Die Republikaner erleben gerade wie ihr oranger Messias in einem Strudel von Kriminalität, Anklagen und Gerichtsverhandlungen untergeht, haben sich aber alle so gründlich das Rückgrat entfernen lassen, daß sie unfähig sind, sich von dem 30.000-fachen Lügner, Verbrecher, Rassisten und Verfassungsfeind loszusagen.

Also brauchen sie eine Ablenkungsstrategie und die besteht gegenwärtig darin, den Barbie-Film zur absoluten Monstranz zu erheben und dagegen wetternd durch die Nazi-Medienlandschaft zu ziehen.

[…..]  Everyone’s got Barbie fever these days — even the ladies of The View. The morning talk show kicked off today’s episode with a takedown of the right wing critics who are decrying Barbie‘s “woke-ness” and anti-patriarchy message.

Whoopi Goldberg tore right into the detractors, with a particularly cutting diss aimed at commentator Ben Shapiro, who posted a widely mocked video titled “Ben Shapiro DESTROYS The Barbie Movie For 43 Minutes” on Saturday (July 22). Shapiro said at one point in his review, “I find it upsetting when material that’s based on children’s IP and marketed to little girls actually ends up being angry, feminist claptrap that alienates men from women, undermines basic human values and promotes falsehood all at the same time.” 

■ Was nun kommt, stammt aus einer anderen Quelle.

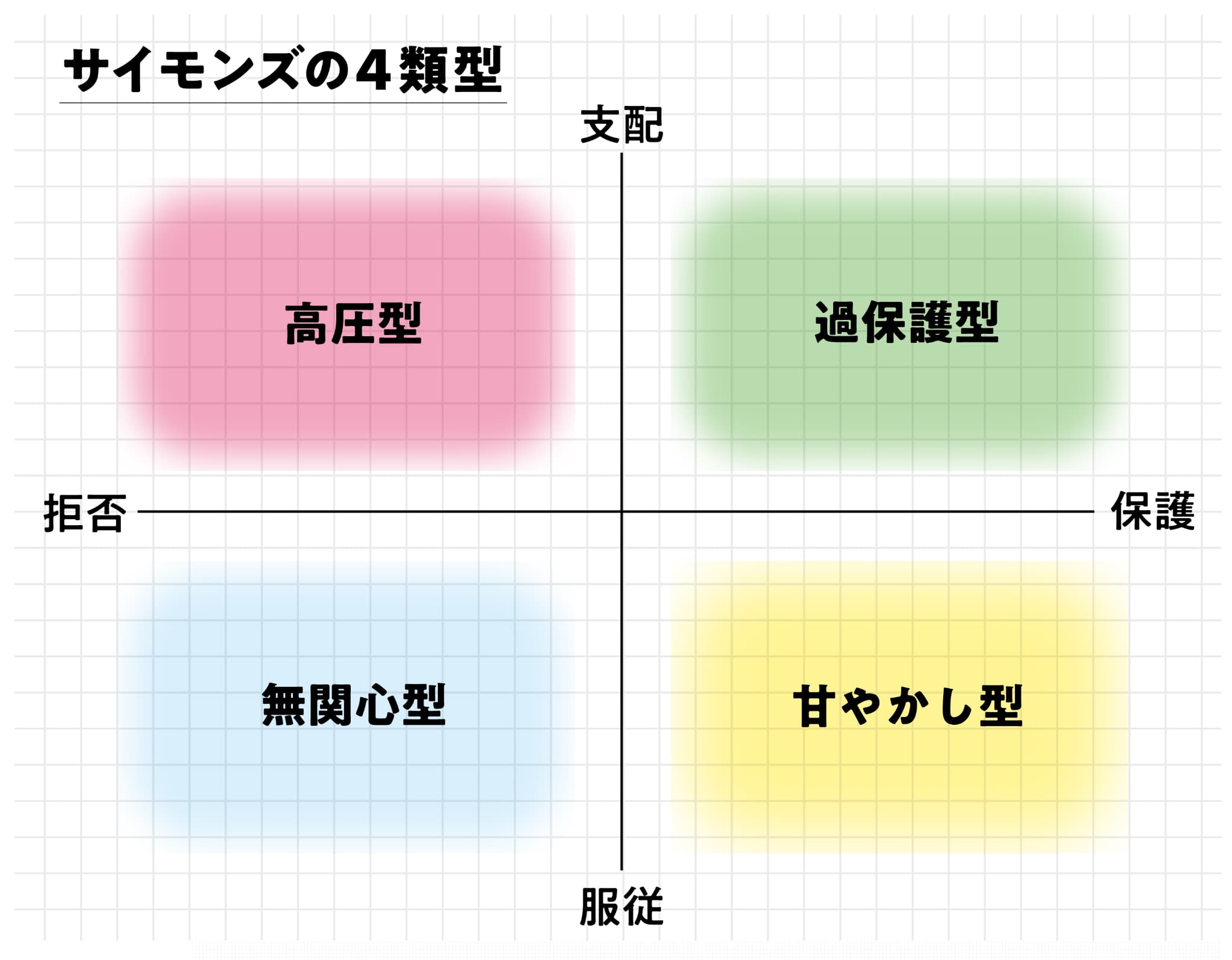 保護者が子どものどんなところに注意するべきかを考える上では、心理学者のサイモンズが考案した「養育態度の4タイプ」を意識するといいでしょう。これは、子育ての態度や行動を「過保護型」「高圧型」「甘やかし型」「無関心型」という4つのタイプに分類した考え方で、自分がどれに当てはまるのか、まずは親自身が自分を知ることがポイントになります。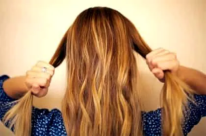 蝴蝶结发型一步骤一:将头发梳柔顺了,散在肩后,然后从头发两边各取出一股头发,发量适中,但两边的发量要差不多,抓在手上。

After playing a clip of Shapiro’s words, Goldberg exclaimed, “It’s a movie! It’s a movie about a doll! I thought y’all would be happy. She has no genitalia, so there’s no sex involved. Ken has no genitalia! It’s a doll movie.”

Goldberg continued, “The kids know it’s colorful and it’s Barbie. They haven’t lived through what the adults have lived through. So when they’re seeing this movie, that’s not how they’re looking at it. The kids are looking at it as a Barbie movie.”  […..]

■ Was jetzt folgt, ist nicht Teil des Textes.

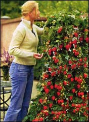 Когда же с очередным заказом саженцев этого клубничного чуда я получила рекламный буклет, то поняла, что конкретным сортом вьющейся клубники (который взбирается на высоту до 1,5 м, либо ниспадает вниз), фирма не располагает. По крайней мере, заказчикам такие саженцы не высылаются. А практикуются хорошо отработанные и умело использованные в рекламных материалах способы выращивания земляники: в виде пирамид, колонн, вертикальных стенок и т.д. Всё это уже давно известные, иногда трудоёмкие, но вполне реальные способы.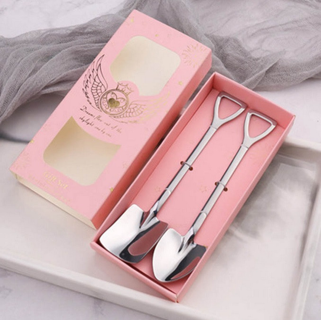 Набір десертних ложок CQ у формі лопати (2 шт., неіржавка сталь, Silver)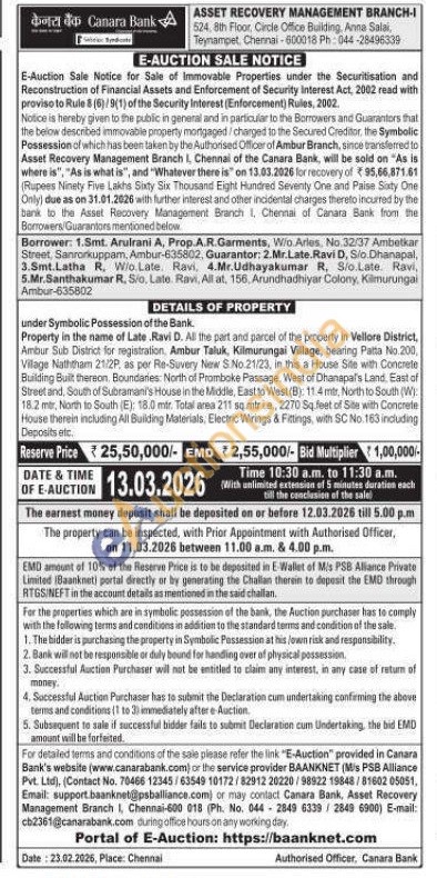 . All the part and parcel of the property in Vellore District, Ambur Sub District for registration, Ambur Taluk, Kilmurungai Village, bearing Patta No.200, Village Naththam 21:2P, as per Re-Suvery New S No 21/23, in this a House Site with Concrete Building Built thereon, Boundaries: North of Promboke Passage, West of Dhanapal's Land, East of Street and, South of Subramani's House in the Middle, East to West(B): 114 mir, North to South (W): 18.2 mer, North to South (E): 18.0 mtr. Total area 211 sq.mtrie., 2270 Sq feet of Site with Concrete House therein including All Building Materials, Electric Wirings & Fittings, with SC No.163 including Deposits etc

(Greta Bjornson, 26.07.2023)

Der prominente rechtsradikale trumpistische Kolumnist und Aktivist Ben Shapiro, 39, vier Millionen Youtube-Abonnenten, fast eine Million Zuschauer pro Tag und einer Gesamtzahl von über 1.000.000.000 Aufrufen postete Barbie-Hassvideos mit einer Gesamtlaufzeit deutlich über der Länge des Spielfilms, raste nach dem Kino in Spielzeugwarenläden, kaufte Barbie-Puppen, um diese anschließend hasserfüllt zu verbrennen.

Die gesamte Führungsriege der erzkonservativen GOPer tingelt nun mit wütend wetternden Barbie-Verdammungen durch die US-Medienlandschaft.

Ob Cruz und Shapiro den Streisand-Effekt gar nicht kennen und somit nicht wissen, daß sie dem verhassten Film enorme Werbung verschaffen, ist unbekannt.
Ich mutmaße aber, es ihnen schlicht egal. Daß ihnen der Umsatz und die Zuschauerzahlen egal sind, daß ihnen der ganze Film völlig egal ist. Er ist nur ein willkommenes Vehikel, um Hass und Hetze zu verbreiten.

Und von ihrem Trump-Verbrecherproblem abzulenken.